## Working data

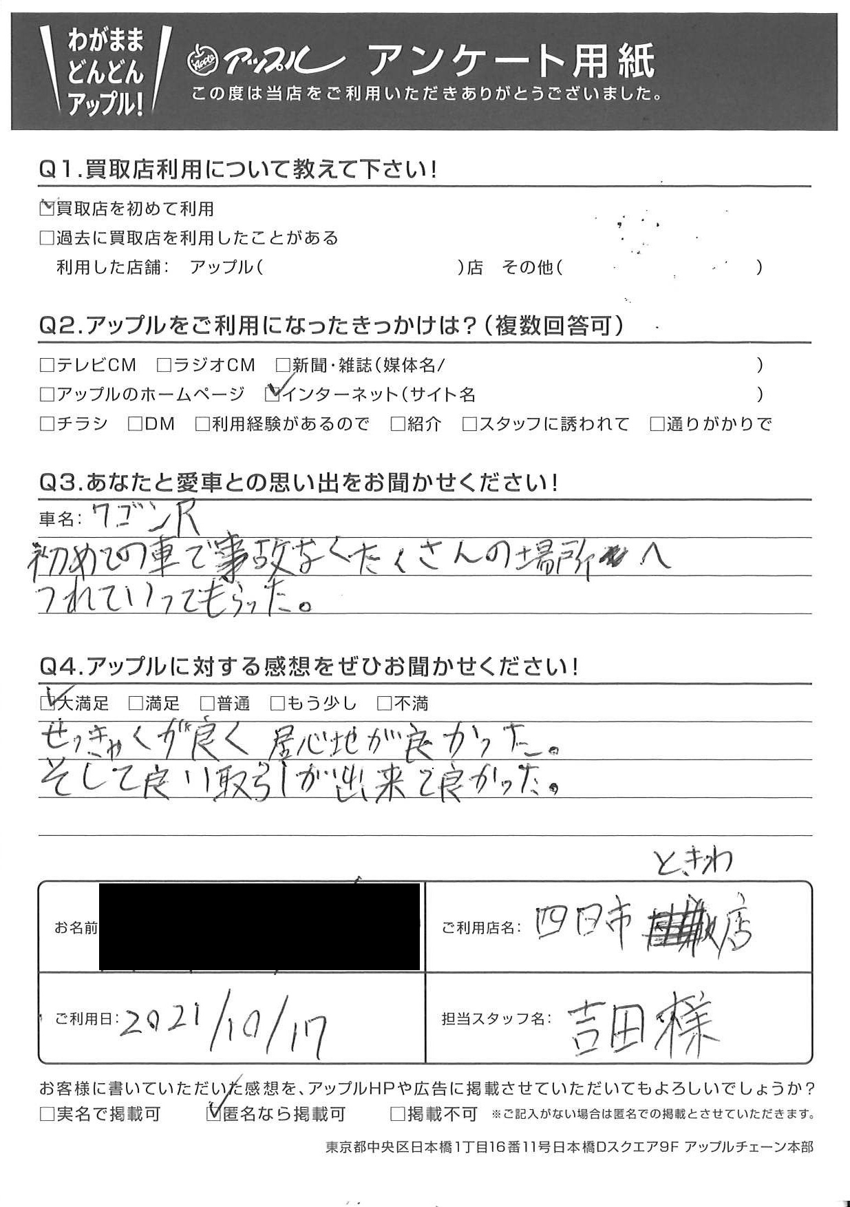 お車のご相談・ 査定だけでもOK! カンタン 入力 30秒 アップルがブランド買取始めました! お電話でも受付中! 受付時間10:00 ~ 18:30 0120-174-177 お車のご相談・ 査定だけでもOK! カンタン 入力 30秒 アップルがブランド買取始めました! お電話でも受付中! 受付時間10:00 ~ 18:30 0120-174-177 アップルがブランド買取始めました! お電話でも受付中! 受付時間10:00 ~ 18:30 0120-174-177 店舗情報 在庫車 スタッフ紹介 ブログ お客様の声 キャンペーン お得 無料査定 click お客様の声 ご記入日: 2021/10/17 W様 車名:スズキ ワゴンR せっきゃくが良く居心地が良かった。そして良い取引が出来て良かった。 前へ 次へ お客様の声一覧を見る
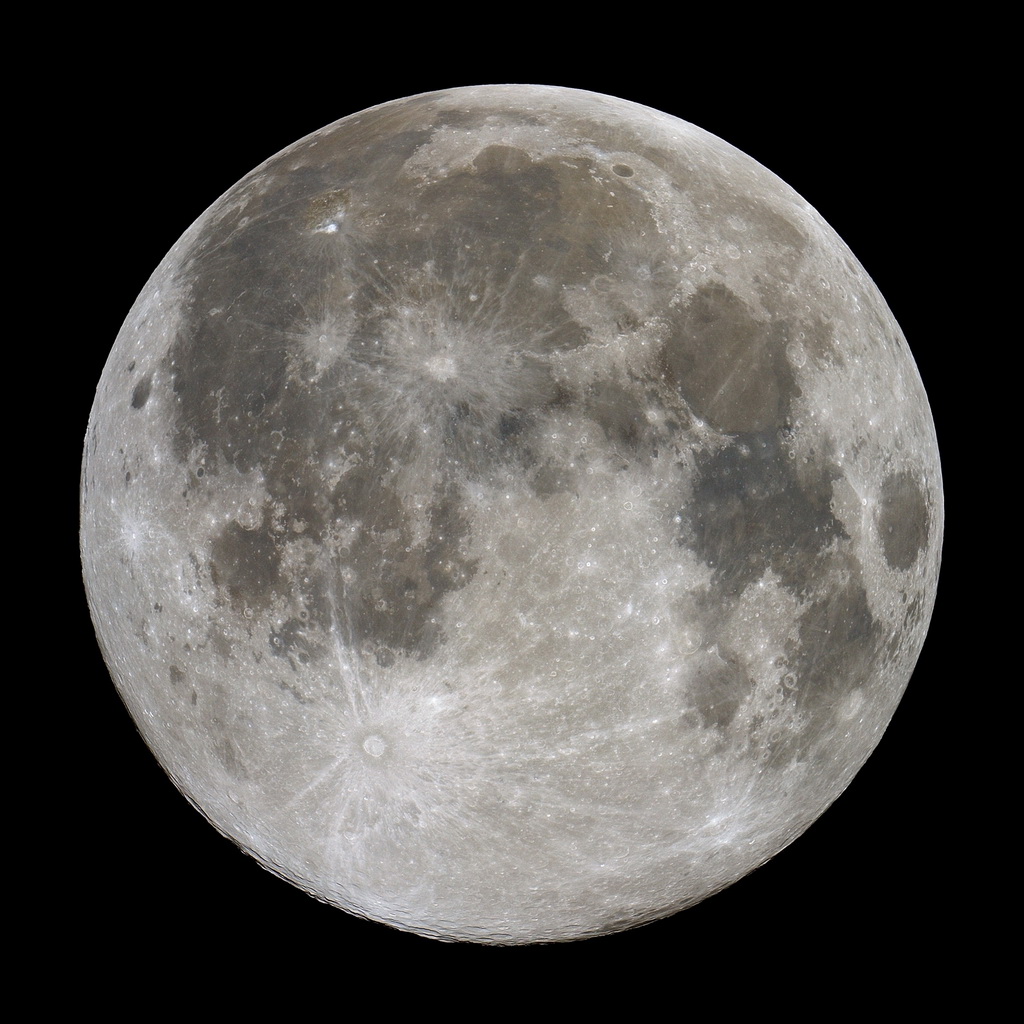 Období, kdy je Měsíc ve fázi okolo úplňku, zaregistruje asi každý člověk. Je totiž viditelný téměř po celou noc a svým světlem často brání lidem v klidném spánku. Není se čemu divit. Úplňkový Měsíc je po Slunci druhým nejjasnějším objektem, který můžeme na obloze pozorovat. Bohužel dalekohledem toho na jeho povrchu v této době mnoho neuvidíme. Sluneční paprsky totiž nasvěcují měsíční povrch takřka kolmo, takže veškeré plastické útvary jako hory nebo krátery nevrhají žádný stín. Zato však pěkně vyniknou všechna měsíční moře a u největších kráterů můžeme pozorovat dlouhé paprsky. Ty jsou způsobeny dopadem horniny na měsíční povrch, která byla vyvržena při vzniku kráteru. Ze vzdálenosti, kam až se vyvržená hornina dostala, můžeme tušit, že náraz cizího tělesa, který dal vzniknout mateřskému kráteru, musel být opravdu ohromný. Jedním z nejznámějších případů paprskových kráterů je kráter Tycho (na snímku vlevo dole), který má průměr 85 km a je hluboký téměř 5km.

* * *

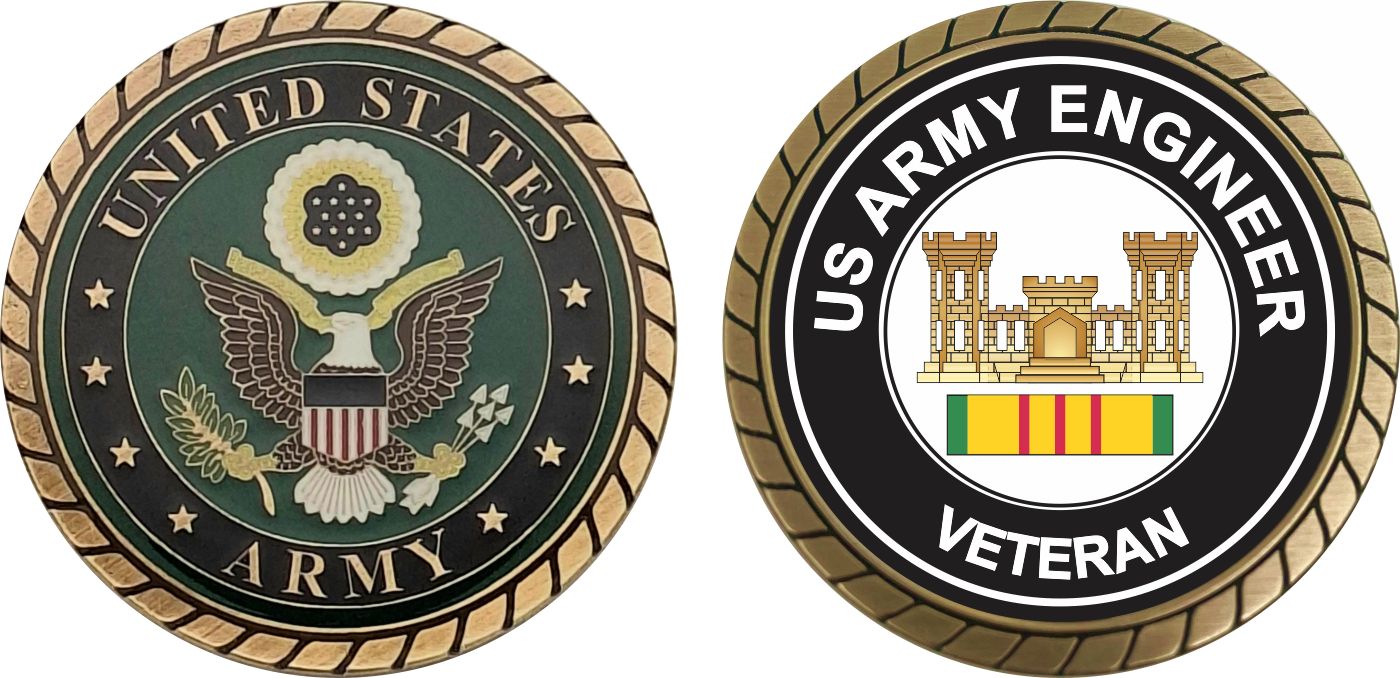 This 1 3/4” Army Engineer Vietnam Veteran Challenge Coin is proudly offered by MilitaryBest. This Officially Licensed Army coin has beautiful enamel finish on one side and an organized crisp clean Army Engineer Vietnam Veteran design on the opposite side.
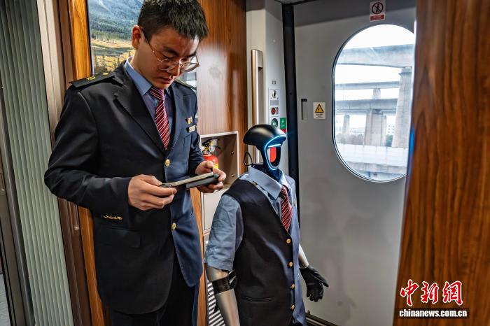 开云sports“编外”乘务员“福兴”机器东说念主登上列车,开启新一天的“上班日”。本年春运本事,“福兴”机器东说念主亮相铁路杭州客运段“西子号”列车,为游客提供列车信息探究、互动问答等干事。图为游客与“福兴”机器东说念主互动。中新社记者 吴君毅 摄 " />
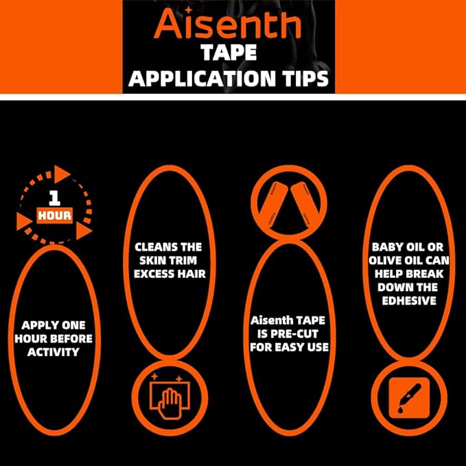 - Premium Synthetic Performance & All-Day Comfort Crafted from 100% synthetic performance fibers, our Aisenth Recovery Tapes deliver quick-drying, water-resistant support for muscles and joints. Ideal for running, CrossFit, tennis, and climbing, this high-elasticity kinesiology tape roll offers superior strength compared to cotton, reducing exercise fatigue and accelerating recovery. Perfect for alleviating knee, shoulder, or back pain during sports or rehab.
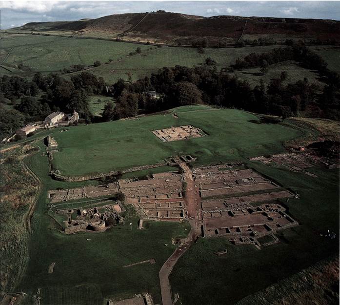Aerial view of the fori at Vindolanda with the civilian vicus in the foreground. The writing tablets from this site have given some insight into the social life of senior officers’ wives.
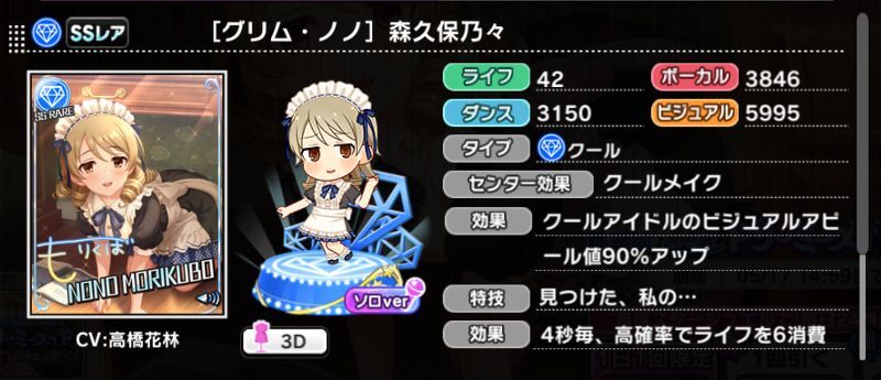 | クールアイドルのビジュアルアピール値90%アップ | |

## Exercise objective
Your output should be the lines above from the one that contains "前へ 次へ お客様の声一覧を見る" through the one that contains "Období, kdy je", word for word, with pictures left out.

## Result
 お車のご相談・ 査定だけでもOK! カンタン 入力 30秒 アップルがブランド買取始めました! お電話でも受付中! 受付時間10:00 ~ 18:30 0120-174-177 お車のご相談・ 査定だけでもOK! カンタン 入力 30秒 アップルがブランド買取始めました! お電話でも受付中! 受付時間10:00 ~ 18:30 0120-174-177 アップルがブランド買取始めました! お電話でも受付中! 受付時間10:00 ~ 18:30 0120-174-177 店舗情報 在庫車 スタッフ紹介 ブログ お客様の声 キャンペーン お得 無料査定 click お客様の声 ご記入日: 2021/10/17 W様 車名:スズキ ワゴンR せっきゃくが良く居心地が良かった。そして良い取引が出来て良かった。 前へ 次へ お客様の声一覧を見る
 Období, kdy je Měsíc ve fázi okolo úplňku, zaregistruje asi každý člověk. Je totiž viditelný téměř po celou noc a svým světlem často brání lidem v klidném spánku. Není se čemu divit. Úplňkový Měsíc je po Slunci druhým nejjasnějším objektem, který můžeme na obloze pozorovat. Bohužel dalekohledem toho na jeho povrchu v této době mnoho neuvidíme. Sluneční paprsky totiž nasvěcují měsíční povrch takřka kolmo, takže veškeré plastické útvary jako hory nebo krátery nevrhají žádný stín. Zato však pěkně vyniknou všechna měsíční moře a u největších kráterů můžeme pozorovat dlouhé paprsky. Ty jsou způsobeny dopadem horniny na měsíční povrch, která byla vyvržena při vzniku kráteru. Ze vzdálenosti, kam až se vyvržená hornina dostala, můžeme tušit, že náraz cizího tělesa, který dal vzniknout mateřskému kráteru, musel být opravdu ohromný. Jedním z nejznámějších případů paprskových kráterů je kráter Tycho (na snímku vlevo dole), který má průměr 85 km a je hluboký téměř 5km.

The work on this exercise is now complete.